Jane K. Winn, Globalization and Standards: The Logic of Two-Level Game, 5 I/S: J. L. & Pol'y for Info. Soc'y 185 (2009), https://digitalcommons.law.uw.edu/faculty-articles/156
I/S: Journal of Law & Policy for the Information Society
European Union, information and communication technology, standard setting organizations, standards
The emergence of a global information architecture has fueled regulatory competition among nations and regions to set information and communication technology (“ICT”) standards. Such regulatory competition can be thought of as a two level game: level one is competition to set ICT standards within a nation or region; level two is competition to set the global ICT standards with reference to local standards.
The United States and the European Union are global leaders in setting ICT standards, and compete to set global ICT standards based on different local regulatory cultures: the U.S. is a “liberal market economy” (“LME”) within which informal standard developing processes are perceived as legitimate, while formal standard developing processes are perceived as legitimate within the “coordinated market economies” (“CME”) that tend to dominate EU regulation.

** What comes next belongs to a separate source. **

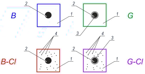 Four groups of reinforced concrete test elements used in tests: 1—concrete without additives, 2—black steel, 3—zinc coating on reinforcing steel, and 4—chlorides in concrete.
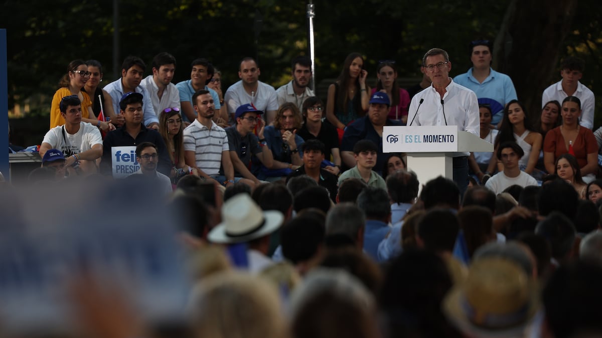 Isabel Díaz Ayuso ya había echado leña al fuego durante su intervención antes de dar paso a Feijóo, y en la que ha alentado las sospechas sobre la fecha de las elecciones generales del domingo. “Casi 8000 interventores vais a desafiar al cambio climático [en Madrid]. Estamos en un momento agotador, pero tenemos un presidente que no respeta el descanso de los españoles... el calor”, ha dicho Ayuso, que también ha acusado a Sánchez de “utilizar” las instituciones para “perpetuarse” en el poder. En Valencia, Feijóo se ha comprometido, por la mañana, a aprobar una ley si gobierna para prohibir que las elecciones generales puedan celebrarse en julio y agosto, salvo casos excepcionales. Como presidente de Galicia, aunque la pandemia estaba todavía presente, Feijóo convocó a las urnas un 12 de julio. El PP agita así el cóctel de las suspicacias ante el resultado que pueda salir de las urnas.

In recent decades, informal ICT standard setting organizations (“SDOs”) known as consortia, which are more narrowly focused and less transparent than traditional SDOs have emerged in the U.S. and have come to dominate global ICT regulatory competition. Standards for Radio Frequency Identifiers (“RFID”) provide an example that illustrates this trend.
EU regulators now are considering what changes may be needed in the EU system of harmonizing standards and EU regulation in order to reverse this trend. If EU regulators succeed in engaging with selected ICT standards consortia, this might permit CME regulation to prevail over LME regulation in competition to set global ICT standards.